ABSTRACT

The original intent of this project was to study an extracellular amylase produced by a halophilic bacterium isolated from an inland salt spring.  One isolate, RS6, was found to produce amylase using the starch-iodine assay.  However, the amylase from this microorganism was found to be insufficient to obtain quantitative measurements using several different assays.  In an attempt to increase the amylase activity, the cultural conditions were changed and various additives were added.  The attempts were unsuccessful in elevating amylase activity for characterization.

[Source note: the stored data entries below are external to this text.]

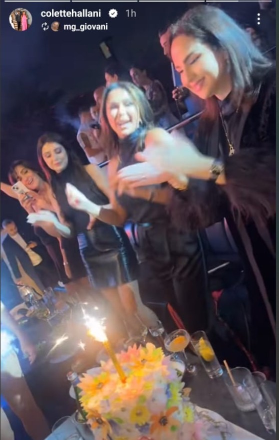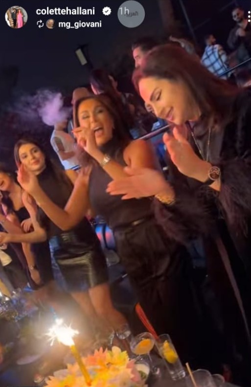 وأطلت كوليت في الفيديوهات برفقة ابنتها ماريتا وهي تحتفل بعيد صديقتها خلال حفل أحياه ابنها الوليد الحلاني في دبي.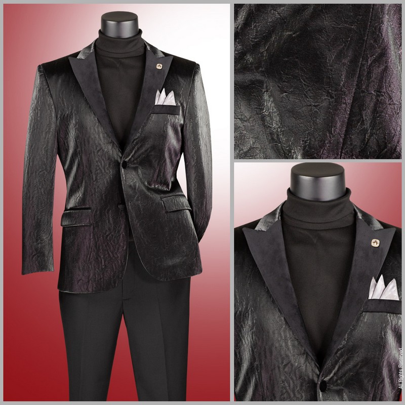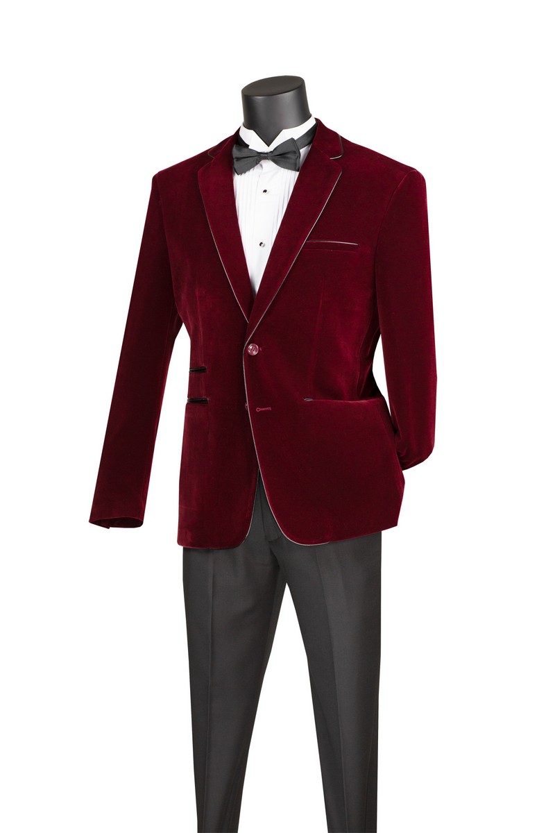 Single breasted 2 buttons, modern fit jacket textured pattern with velvet notch lapel, side vents.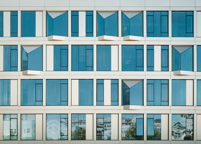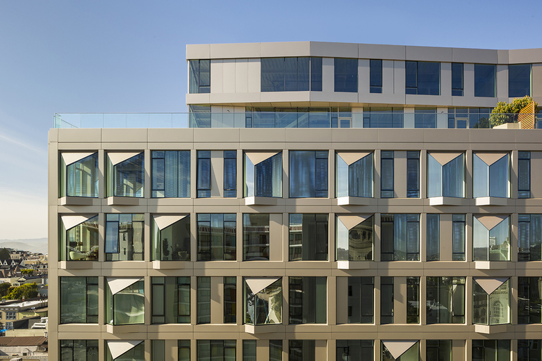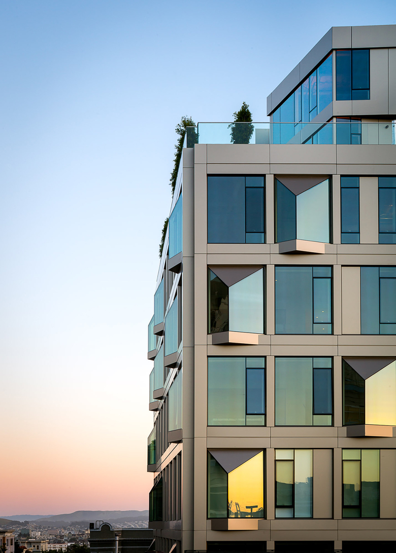 The original building was essentially built like a hospital, with high ceilings and large floorplates, which translated well to a residential building. The heavy precast concrete façade was removed and replaced with a window wall system composed of champagne colored metal panels and floor-to-ceiling glass. Window openings were made much larger, such that they are now the dominant feature in the façade. Additionally, triangular bays that are as tall as the windows extend past the building face, so that each apartment can actually look down onto the streetscape below. These “glass apertures” create a strong geometric presence and textural quality, while breaking up the building’s mass.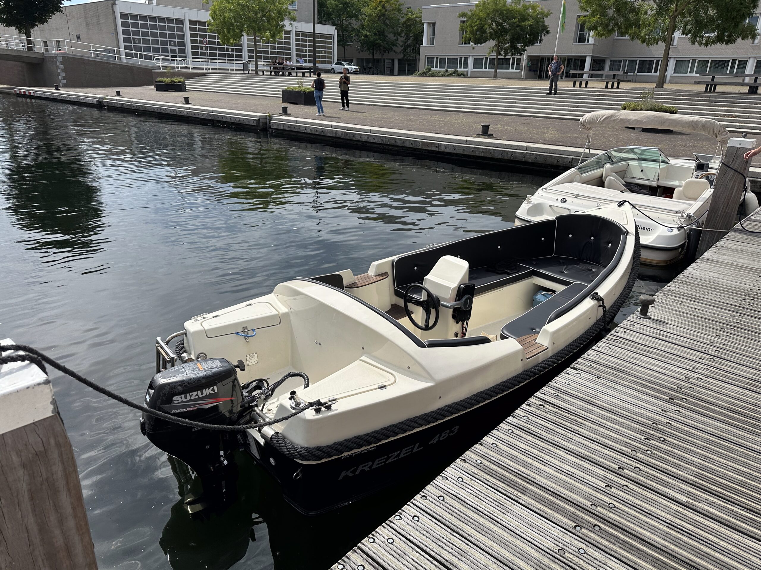 Deze Krezel is uitgerust met een krachtige 15 PK buitenboordmotor met elektrische start. Hiermee vaart de boot met vier personen aan boord toch nog rond de 16-20 km/uur.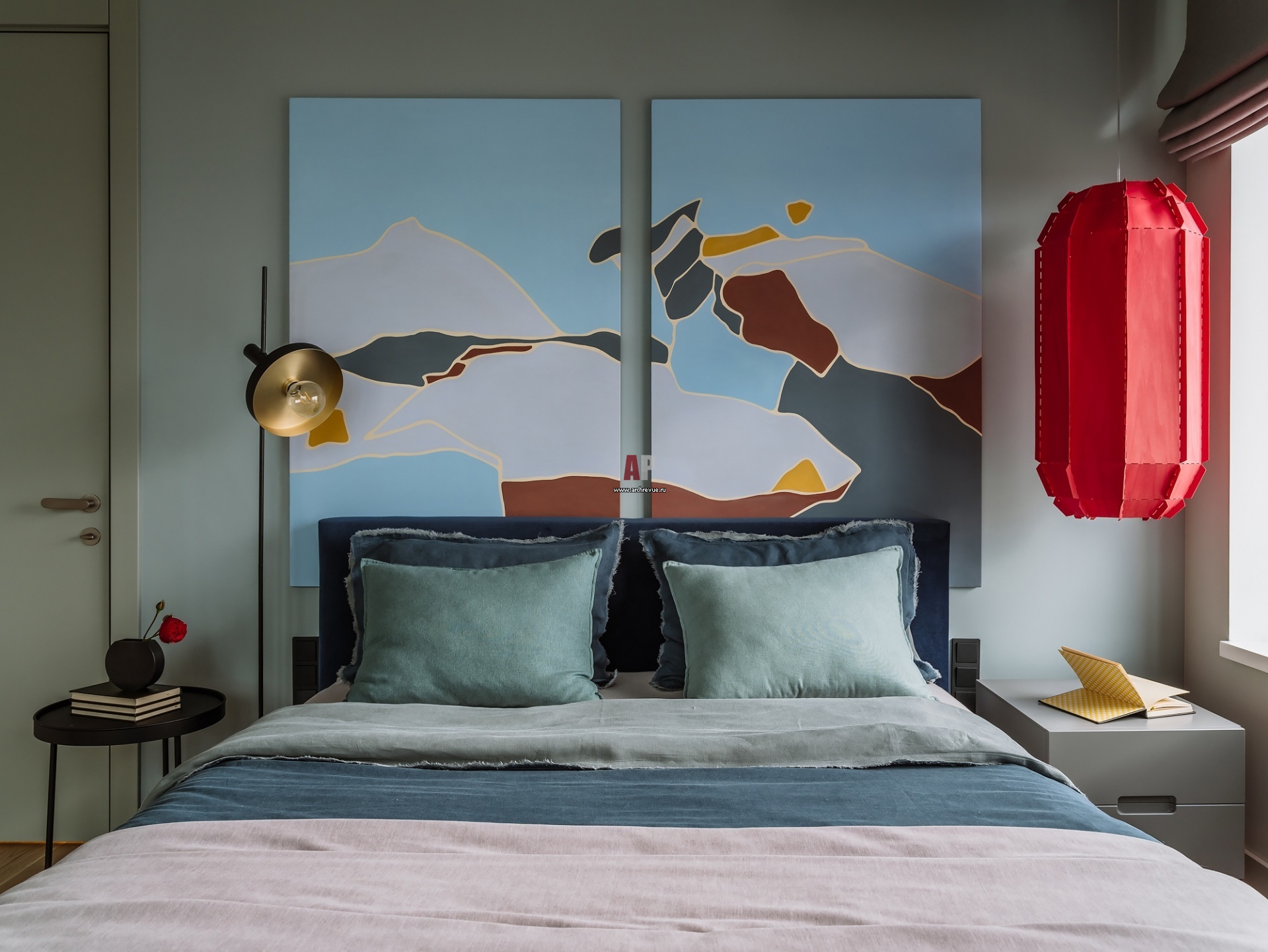 Спальня. Кровать, Twils. Тумбочка, Novamobili. Столик, Northern. Красный светильник, LZF Lamps. Торшер, Faro. Декоративное панно работы Марии Власовой.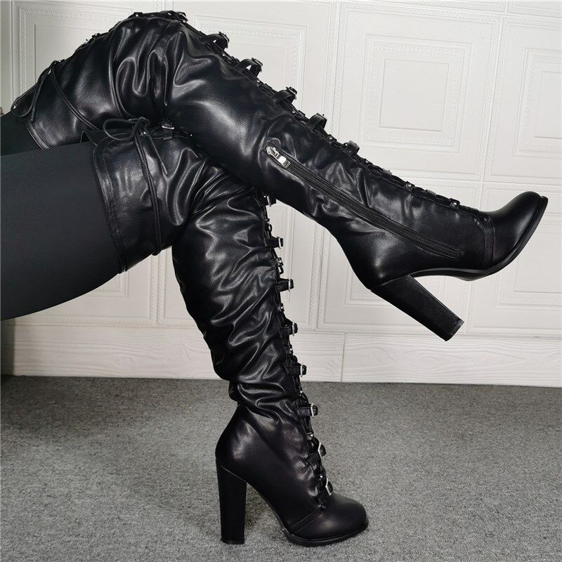 大码过膝长靴女粗跟圆头大腿靴绑带超长靴高跟系U带马丁靴弹力靴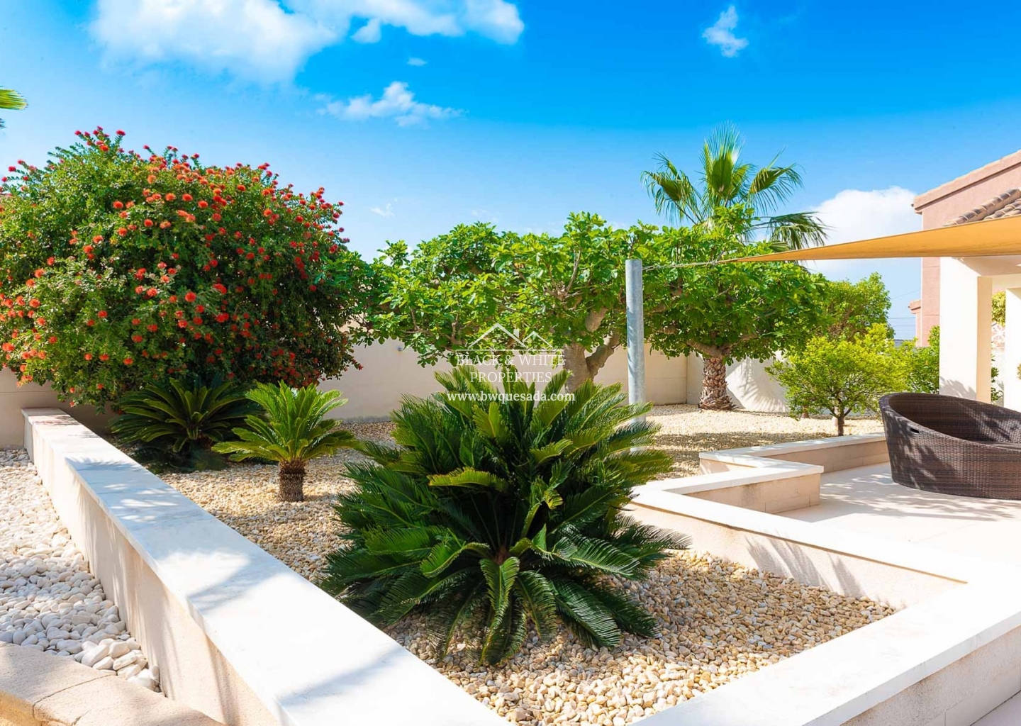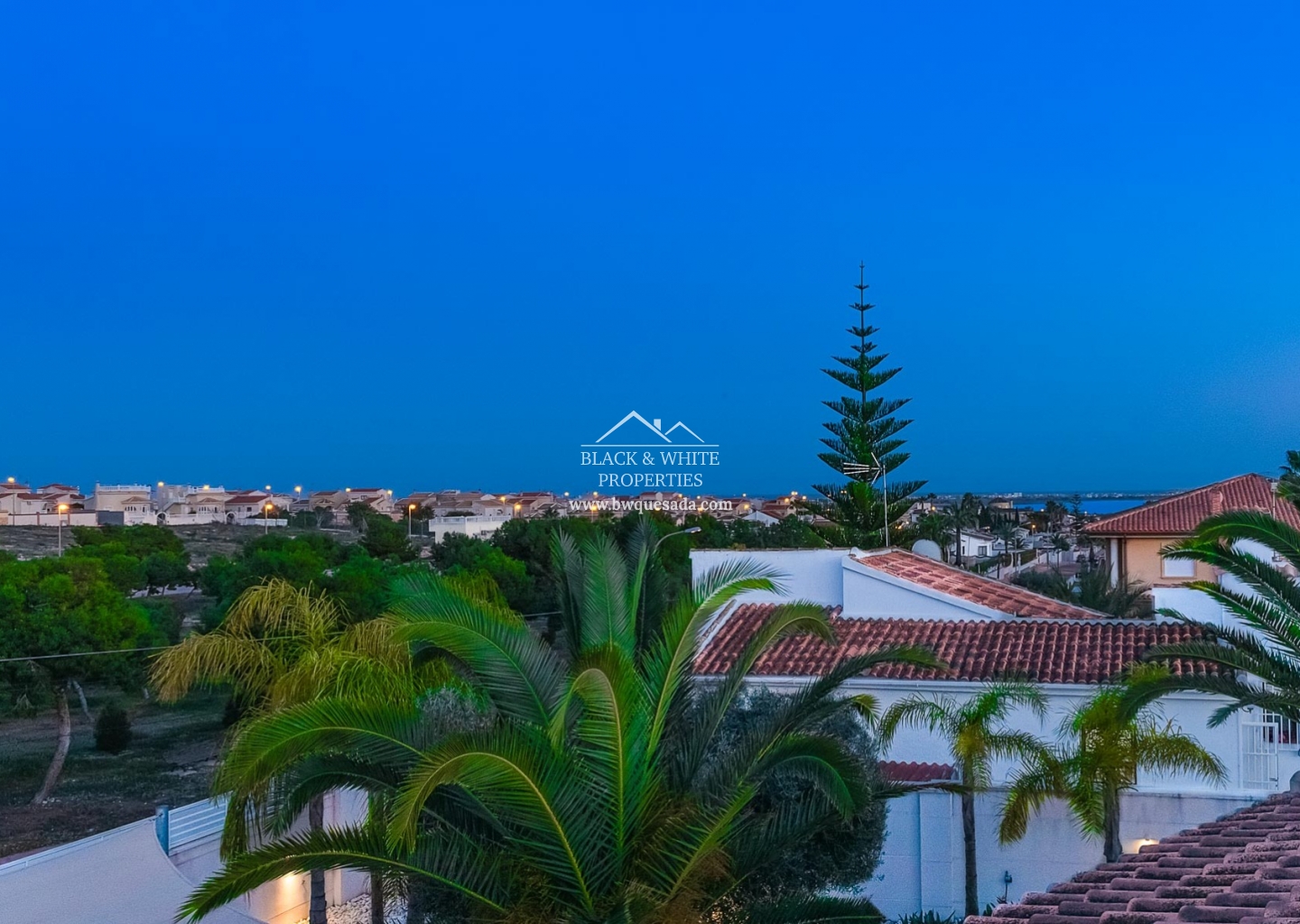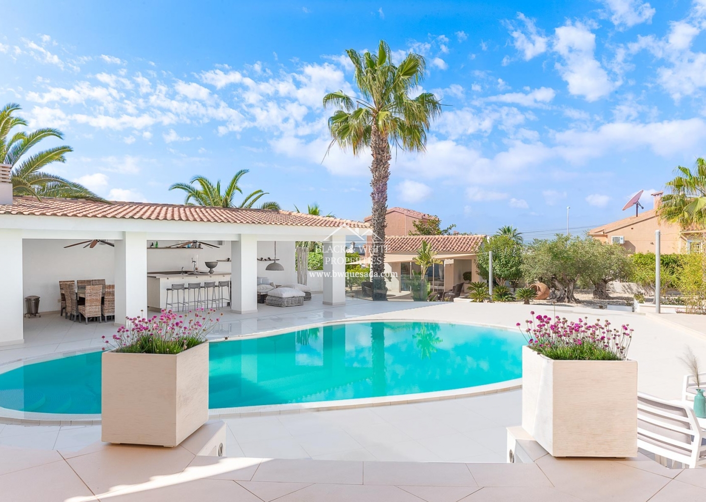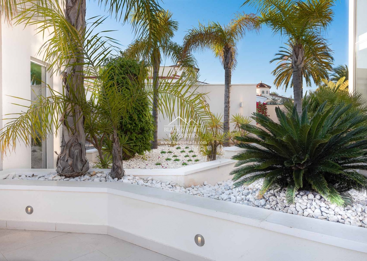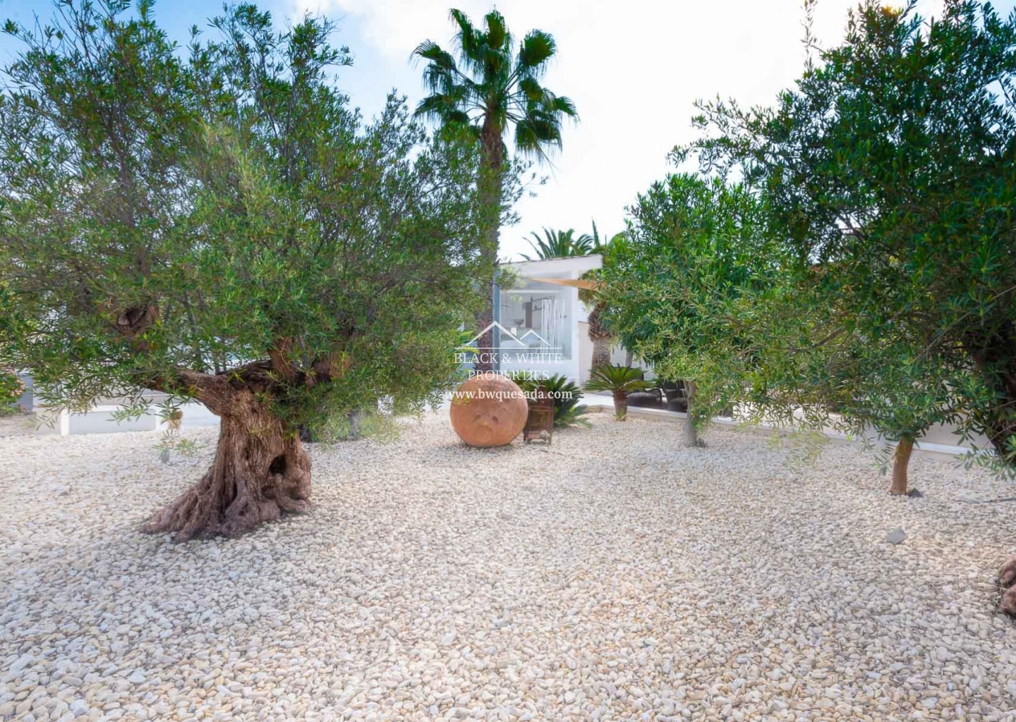 Atractiva villa completamente reformada en el centro de Ciudad Quesada, Rojales. Esta casa de lujo tiene condiciones de sol únicas y no es una propiedad sin vistas. La parcela tiene 2.244 m2 y está muy bien plantada con palmeras, árboles frutales y olivos. El propietario ha mantenido el estilo encantador de la casa, lo que le da a la vivienda un carácter distintivo de ser un hogar. Hay 2 cocinas exteriores completas, a cada lado de la piscina. Podrás desplazarte según las condiciones de sol tanto en verano como en invierno, si quieres sol de mañana y/o sol de tarde. En la casa principal hay 3 dormitorios repartidos en 2 plantas. También garaje con una habitación arriba, con terraza con preciosas vistas. En el jardín hay una gran piscina preciosa de agua salada de 6x12m, con azulejos claros que dan una cálida sensación de nadar en el Mar Caribe. Precioso por la noche con iluminación. En la parte principal se accede a un vestíbulo de entrada y luego a una cocina moderna y luminosa con grandes ventanales dobles franceses que se abren a la enorme terraza. Luego tienes una zona de comedor y un grupo de sofás con vistas directas a la zona de la piscina. En la misma planta hay una amplia sala de TV. En el primer piso hay una oficina con vestidor, luego llega al pasillo y al dormitorio con ducha y WC separado. Desde la terraza se puede disfrutar del maravilloso sol de la mañana. En la segunda parte de la casa tienes 2 dormitorios y 2 baños. Hay grandes ventanales dobles tanto al salón como al dormitorio y al baño. Uno de los baños tiene ducha y bañera de hidromasaje. Junto al baño hay grandes puertas correderas de cristal que se pueden abrir completamente. Aquí podrá disfrutar de la vista del área de la piscina, especialmente por la noche, cuando toda la iluminación está encendida tanto en la piscina como en el jardín. Junto a la terraza exterior del salón y la cocina, se encuentran grandes azulejos luminosos de alta calidad en porcelánico. Los mismos azulejos también se pueden encontrar en ambas cocinas exteriores, junto a la zona de la piscina y junto al espacio para guardar los muebles del jardín.
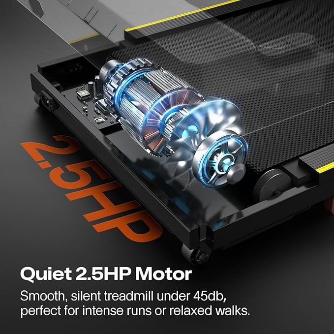 - 2.5HP Motor with Easy Mobility: Equipped with a portable treadmill motor, this walking pad delivers smooth and consistent performance for walking, jogging, or running. Its compact design fits seamlessly into any space, making it perfect for under desk walking pad use. Built-in transport wheels allow for effortless movement and storage, letting you easily slide it under a desk, bed, or into a corner when not in use.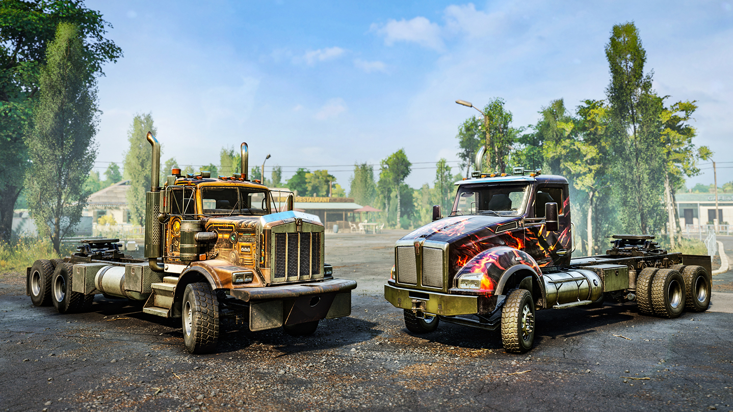 The Kenworth Dual Pack brings two new Kenworth trucks to your SnowRunner garage - the Highway-class T880 and the Heavy Duty-class C500 - as well as one vinyl wrap for each.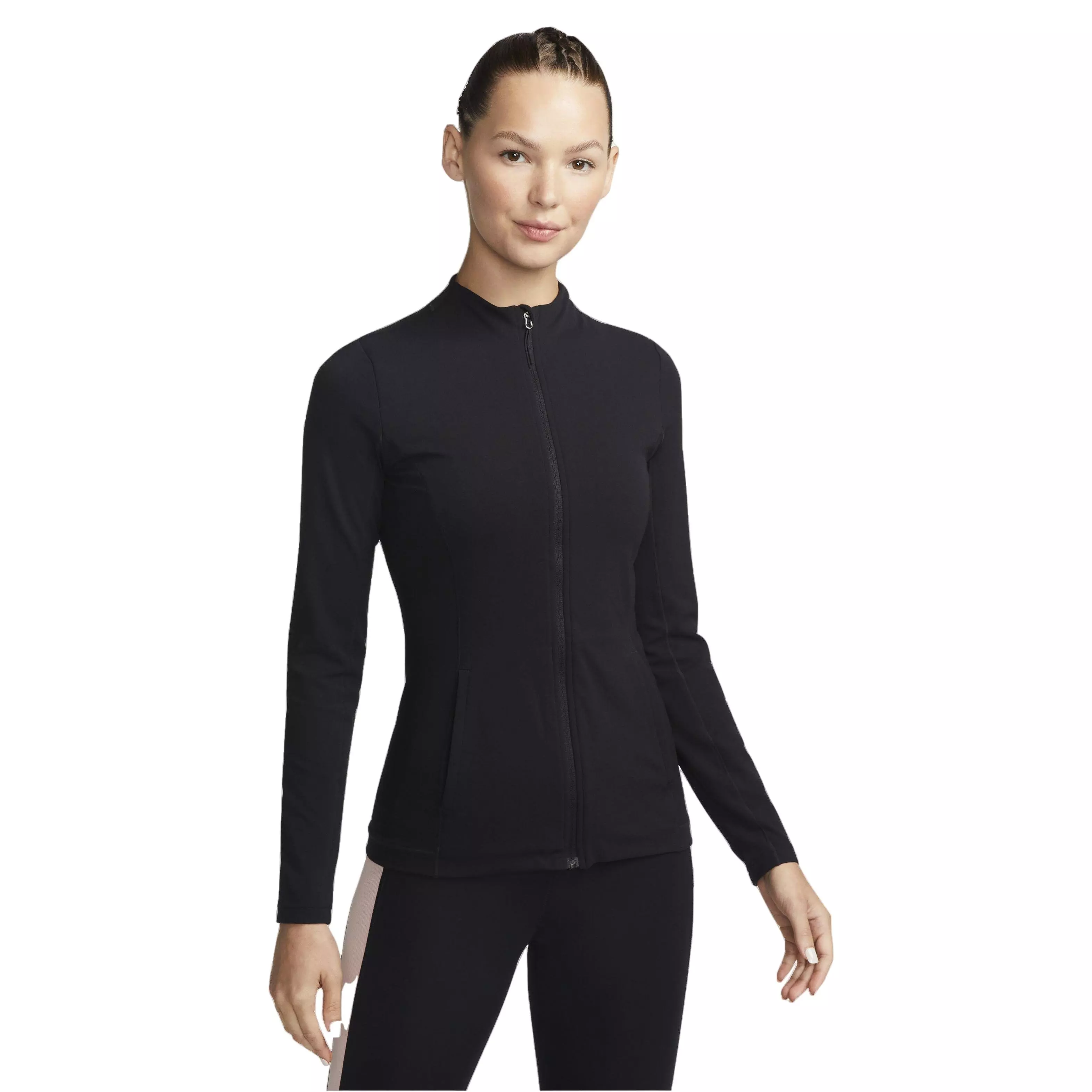 Your life is already a balancing act before you reach the mat. You need the perfect balance of support and comfort for any movement. Enter this fitted Nike Women's Yoga Dri-FIT Luxe Fitted Jacket. Layer over a snug tee or under a hoodie to stay warm and cozy. Feel a sense of calm and focus on your breathing so you can find your flow.Features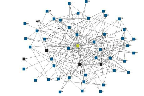 Černé tečky znamenají, že firmy kooperují pouze s centrálními institucemi, a jinak jsou ve své firemní politice zcela nezávislé. Modré zasíťování tedy ukazuje jak složitost vztahů, tak i vznik nového monopolu.

The starch-iodine assay was further developed to quantitate amylase activity on agar plates containing soluble and insoluble forms of starch, amylose and amylopectin, respectively.  However, it was noted that growth and amylase production of RS6 was inhibited on a growth medium containing soluble starch.  Upon investigation of the phenomenon using soluble starch from a different source and various monosaccharides and disaccharides, it was discovered that it was probably glucose and maltose contaminating the original soluble starch since both glucose and maltose, subunits of starch, severely inhibited the growth of RS6.  Further experiments demonstrated that glucose specifically inhibited the growth of RS6 since two other microorganisms were not affected by glucose in the medium.  RS6 mutants were isolated that grew very well on media containing glucose, suggesting that the inhibition of growth by glucose is due to a specific gene within the original RS6 isolate.

The mechanism for this unusual growth inhibition by a universal energy source for organisms remains to be determined.